Jako wikariusz pracował w parafiach: Łysobyki (dzisiaj Jeziorzany) w latach 1958-60; Łuków, par. Podwyższenia Krzyża Świętego (1960-62); Parczew (1962-68); Suchożebry (1968). Na samodzielnych placówkach duszpasterskich posługiwał w następujących parafiach: Wytyczno (od 22 grudnia 1968 r.) jako wikariusz zarządca, a od 25 stycznia 1969 r. jako administrator; Sosnowica (od 1 września 1975 r.) jako proboszcz i jednocześnie – od stycznia do marca 1980 r. – był zarządcą parafii Kodeniec, pełnił także urząd wicedziekana dekanatu parczewskiego od 10 października 1984 r.; w Sosnowicy wybudował nową murowaną plebanię, a w Orzechowie Nowym kaplicę z salą katechetyczną; Włodawa, par. św. Ludwika (od 30 sierpnia 1985 r.) jako proboszcz i jednocześnie dziekan dekanatu włodawskiego – w parafii rozpoczął i przeprowadził prace budowlane nowego domu parafialnego; Ryki (od 10 listopada 1990 r.) jako proboszcz i dziekan dekanatu ryckiego przez kilka kadencji – zadbał o powiększenie cmentarza parafialnego i budowę kaplicy na cmentarzu, dokonał ogrodzenie cmentarza przykościelnego i malowanie kościoła wewnątrz oraz przeprowadził bieżące prace remontowo-budowlane.

Doceniając jego gorliwą i ofiarną posługę duszpasterską oraz troskę o sprawy materialne parafii, bp Jan Mazur 24 października 1984 r. mianował go kanonikiem gremialnym Kapituły Kolegiaty Janowskiej. Natomiast papież Jan Paweł II na prośbę bp. Jana Wiktora Nowaka mianował go 21 listopada 1998 r. kapelanem Jego Świątobliwości (prałatem), a na prośbę bp. Zbigniewa Kiernikowskiego papież Benedykt XVI mianował go prałatem honorowym Jego Świątobliwości (29 sierpnia 2005 r.).

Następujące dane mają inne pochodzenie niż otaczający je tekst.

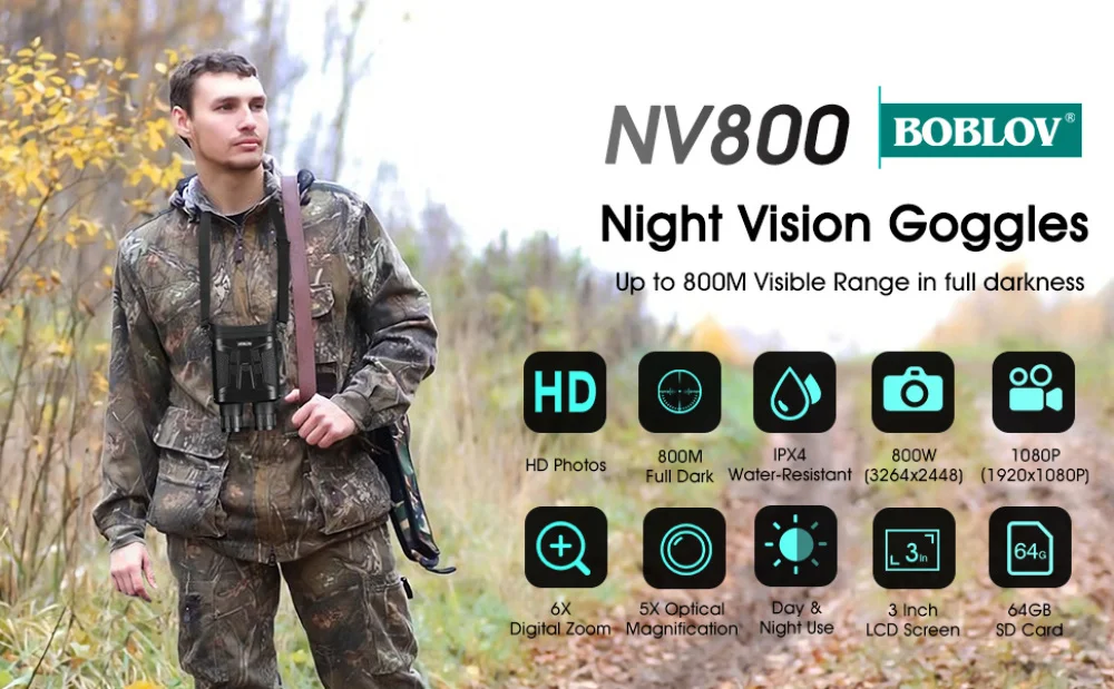 Удобный экран 3 "640x48 0 для отличного просмотра 850нм осветитель/2,7 'Датчик COMS, увеличивает передачу на светильник. Идеальное расстояние 400 м-800 м для ночного наблюдения за птицами, кемпинга, наблюдения за дикой природой, безопасности, наблюдения. 64 Гб свободного хранения памяти, питание от 8 батареек AA (не входят в комплект) или банка питания (не входят в комплект), повторная воспроизведение, водонепроницаемость IPX4, 1/4 ''крепление штатива (1 штатив) И с ремешком на шее Замечательные инфракрасные очки могут делать фотографии и видео стабильно, и воспроизводить такую потрясающую часть памяти с друзьями. BOBLOV предоставляет два года warran-ty для продуктов высокой стоимости, не беспокойтесь о покупке

Ks. Stanisław był kilka razy członkiem doraźnych komisji powoływanych w celu rozwiązania bieżących spraw w parafiach diecezji, a także należał do składu Zespołu Doradczego Biskupa Siedleckiego ds. formacji kapłanów. Po osiągnięciu kanonicznego wieku emerytalnego został z dniem 31 lipca 2005 r. zwolniony z urzędu proboszcza parafii Ryki i przeniesiony na emeryturę z zamieszkaniem w budynku parafialnym.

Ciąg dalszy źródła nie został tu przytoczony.